Blowing America’s Mind

In Blowing America’s Mind, two Princeton alumni, John Selby ’68 and Paul Jeffrey Davids ’69, claim they were subjects of experiments conducted at the New Jersey Neuro-Psychiatric Institute (NJNPI), not far from Princeton’s campus. Selby and Davids answered a flyer that read:

N.J. Neuro-Psychiatric Institute

Subjects Needed for Deep Hypnosis Experiments

The Bureau of Research is Neurology and Psychiatry of the New Jersey Neuro-Psychiatric Institute needs subjects willing to undergo deep hypnosis. Subjects will be paid during an initial training period and then will participate in a series of experiments. You must be willing to make a long-term commitment. If accepted, you will undergo hypnosis several times a week and may make an important contribution to our understanding of human consciousness.

Since then, the NJNPI has been closed down. The NJNPI included both “incurable psychotic permanent residents” as well as a Department of Experimental Psychology. The Department was headed by the Bureau of Research in Neurology and Psychiatry Director Humphry Osmond. Osmond coined the term “psychedelics.” The Department was also led by the  head of the Section of Experimental Psychology at the Bureau, Bernard S. Aaronson. 

At the institute, LSD and hypnosis studies were being done with the purpose of “distinguishing mind-contracting experiences like schizophrenia and paranoia from mind-expanding perceptions induced by psychedelics”. Selby and Davids claim that they were unwitting subjects in MK-Ultra, although MK-Ultra had supposedly ended a few years prior.

Scene on Princeton University campus, ca. 1977. Photo from 1978 Bric-a-Brac.

CIA Activity Governance at Princeton

According to Dennis Sullivan, who was the spokesman for the University president, “Private consulting work by faculty members is permitted within guidelines,” and nonclassified research is permitted as long as it does not interfere with teaching requirements. Sullivan said that the university made the material public as a way of setting the record and did not intend to research further into the identity of the Princeton-affiliated researchers. He also claimed that he didn’t know if the research guidelines were in effect at the time the experiments were conducted. 

Following these investigations, Princeton discussed how to regulate the CIA activity alongside a number of individuals at other institutions in Washington.
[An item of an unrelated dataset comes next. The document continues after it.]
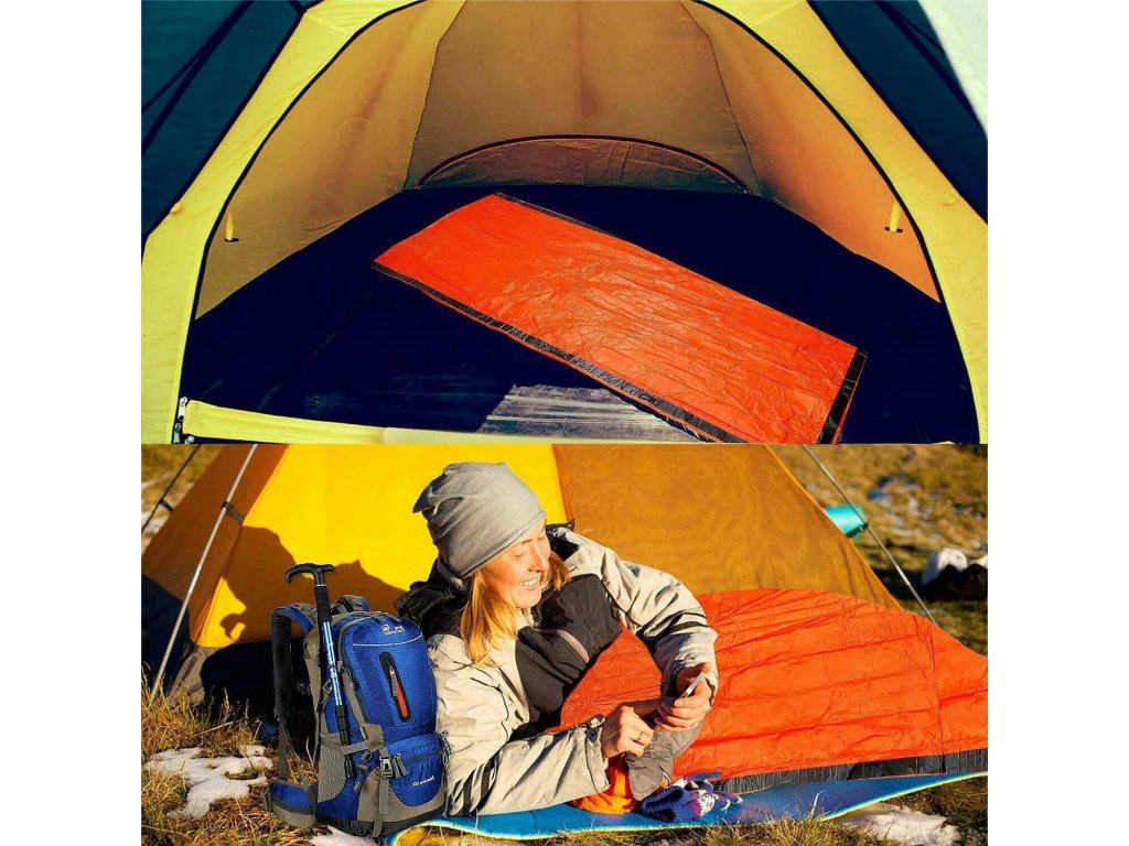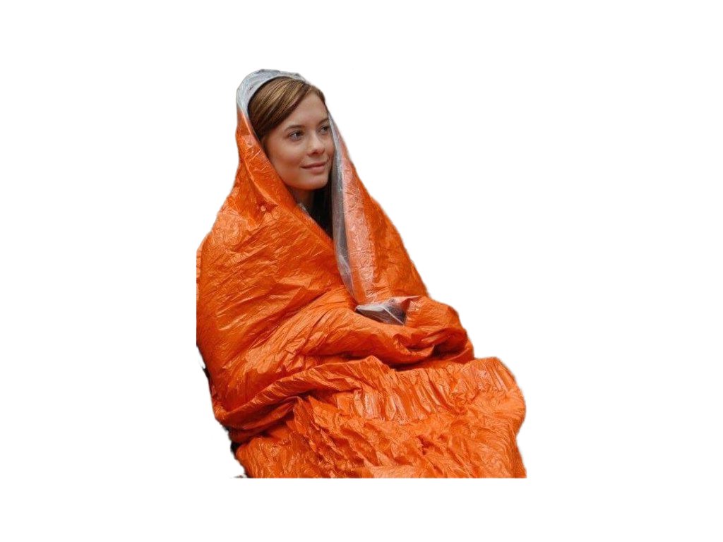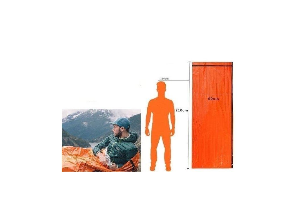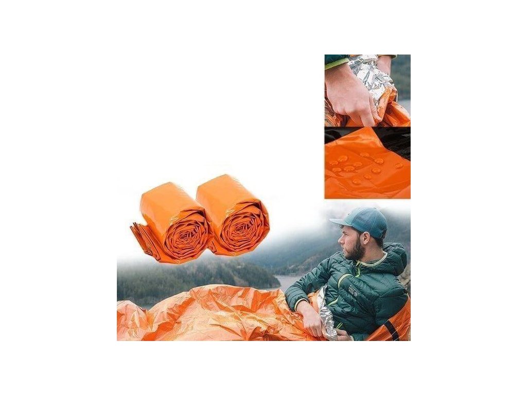 Núdzová prikrývka e nevyhnutná pre tých, ktorí cestujú do vzdialenejších štátov, je ľahký, ale odolný proti roztrhnutiu a je vyrobený z jasne oranžového, tepelne reflexného metalizovaného LDPE, ktorý je vodotesný, vetruodolný, tichý a opakovane použiteľný.

In 1978, the Faculty Advisory Committee on Policy arrived at the conclusion that a member of the Faculty was allowed to engage in and consult with any agency as long as the interaction was independent of the member’s responsibilities to the University as a Faculty member. 

Conclusion

The full extent of MK-Ultra, at Princeton University or elsewhere, may never be known. Individuals who may have been test subjects may also never have known what had happened to them. The records preserved in Special Collections are part of important efforts to ensure that incidents like these are not forgotten.

Sources:

American Civil Liberties Union Records (MC001)

Office of the Vice President for Public Affairs Records (AC217)

Papers of Princeton

Princeton University Publications Collection (AC364)

Project MKUltra, the CIA’s Program of Research in Behavioral Modification: Joint Hearing Before the Select Committee on Intelligence and the Subcommittee on Health and Scientific Research of the Committee on Human Resources, 95th Cong. (1977).

Selby, John and Paul Jeffrey Davids. Blowing America’s Mind: A True Story of Princeton, CIA Mind Control, LSD, and Zen. Reno, Nevada: Yellow Hat Productions, 2018.